By contrast, the sample borided at 950 °C (Figure 6d) displayed signs of a more complex wear mechanism, combining abrasive, adhesive, and fatigue components. Although XRD confirmed that only Fe₂B was present, the increased layer thickness at this temperature led to higher internal stresses and microcrack density, which promoted localized delamination and flaking. The associated increase in microroughness facilitated interlocking with counterbody asperities, thereby intensifying stress concentration and initiating brittle fracture, even though the measured coefficient of friction (COF) was lower [36].

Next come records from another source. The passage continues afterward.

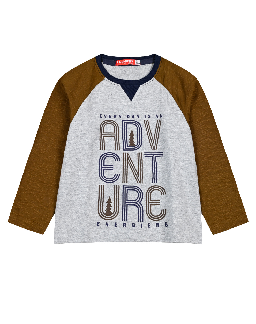 Βαμβακερή μπλούζα δίχρωμη με τύπωμα για αγόρι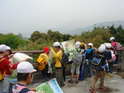山道をみんなで励ましあいながら歩きました。将軍塚の展望台につく頃には,
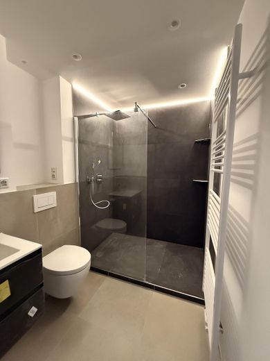 Das Badezimmer ist vollständig neu gestaltet und verfügt über eine moderne, begehbare Dusche. Zusätzlich sind im Bad sowie im Flur elegante LED-Spots verbaut.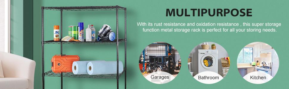 - 【Versatile Use】- This metal shelving unit can be used in the kitchen, the garage, pantry, outdoor shed, warehouse, workshop, and more. It’s perfect for storing tools, clothes, books and whatever else is taking up space.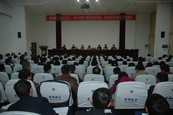 “‘国培计划——中小学骨干教师培训项目’贵州师范学院班”,采取送教下地州形式,于2009年12月18日至28日在黔东南州凯里市举办。 12月19日上午在凯里学院举行了开班典礼,省教育厅副厅级督学罗志林督学、贵州师范学院副院长张承鹄教授、黔东南州教育局副局长王兴国局长、凯里学院曾羽院长、姚仁海副院长、凯里学院成教学院总支书记曹庆五同志参加了开班典礼。罗志林督学代表省教育厅对贵州师范学院高度重视“国培计划——中小学骨干教师培训项目”工作表示感谢,对黔东南州教育局及凯里学院为本次培训提供的后勤支持服务表示感谢;对本次国培项目工作提出了具体要求。张承鹄副院长代表贵州师范学院作了讲话。张承鹄对教育部、省教育厅对我校工作的关心支持和信任表示感谢,并指出开展中小学骨干教师培训是促进义务教育均衡发展、促进教育公平、最终促进社会公平的有效途径,是巩固提升“两基”成果的重要保障。张承鹄对学校承担组织管理工作的教师发展学院提出了具体要求,同时对黔东南州教育局和凯里学院的大力支持表示感谢。会上学员代表刘锡银老师发言,感谢省教育厅把这次培训带到了黔东南州,并表示全体学员一定会努力学习、积极参与、学有所获,让教育厅放心。 开班典礼由贵州师范学院教师发展学院院长谢笠同志主持。 本次培训,是根据教育部《关于下达2009年“国培计划——中西部地区中小学骨干教师培训项目”任务的通知》(教师司厅函〔2009〕35号)和贵州省教育厅《省教育厅办公室关于组织实施2009年国培计划——中西部地区中小学骨干教师培训项目的通知》(黔教办师〔2009〕425号)文件要求,贵州师范学院作为承办院校,采取送培训到地州形式,在黔东南州凯里市举办“国培计划——中小学骨干教师培训项目”贵州师范学院班。来自黔东南州语文、数学、物理、化学学科的200名中小学骨干教师参加了培训。 为保证培训工作的顺利开展,贵州师范学院党委、行政高度重视,成立了以学校副院长张承鹄教授为组长的领导小组和领导小组办公室,办公室具体工作由学校教师发展学院牵头组织实施。教师发展学院培训前精心做好准备工作,将动员部署、方案设计、落实实施等各环节责任到人、落实到位,并提出三个到位:即指导思想到位,教学安排到位,管理服务到位。为把这次培训工作办出水平,办出特色,我校严格按照小班化教学的要求,精心设计教学方案和课程;选聘省内外学术水平高、敬业精神强的专家教授、中小学一线优秀教师组成培训专家组,选派富有经验的管理人员和班主任组成管理组,从领导、人员、机构等方面保障培训工作的顺利实施。

Thus, boriding significantly improves the tribological performance of 40 Kh steel by producing hardened Fe₂B layers. However, the effectiveness of the treatment is governed not only by the thickness and hardness of the layer, but also by its microstructural homogeneity and defect density, which determine resistance to brittle fracture under cyclic contact loading.

4. Conclusions

This study demonstrated that diffusion boriding of 40 Kh steel at 850–950 °C for 10 h in a powder mixture activated with boric acid results in the formation of dense, single-phase Fe₂B layers. XRD analysis confirmed the absence of FeB and verified that the boride layers consisted exclusively of Fe₂B, characterized by elongated needle-like crystals strongly bonded to the substrate. The thickness of the boride layers increased systematically with temperature, from ~68 μm at 850 °C to ~160 μm at 950 °C, in agreement with parabolic diffusion-controlled growth kinetics.

The Fe₂B layers exhibited exceptionally high hardness, reaching more than 2000 HV_0.1 at 950 °C, which represents a nearly fivefold increase compared to untreated steel (~320 HV_0.1). Tribological tests further revealed that boriding substantially reduced the coefficient of friction and wear rate. The most pronounced improvement was observed at 850 °C, where the wear rate decreased more than fourfold, while at 900 °C the Fe₂B layer provided the most favorable balance between hardness, compactness, and defect density. At 950 °C, despite achieving the lowest COF (~0.2), increased porosity and microcrack density partially limited the wear resistance.

Overall, the results highlight that the performance of borided 40 Kh steel is governed not only by layer thickness and hardness, but also by phase purity, microstructural homogeneity, and resistance to brittle fracture. The exclusive formation of Fe₂B using eco-friendly activators demonstrates a sustainable and effective approach for producing high-performance boride layers. This makes the proposed method highly promising for the surface strengthening of engineering components operating under severe wear conditions.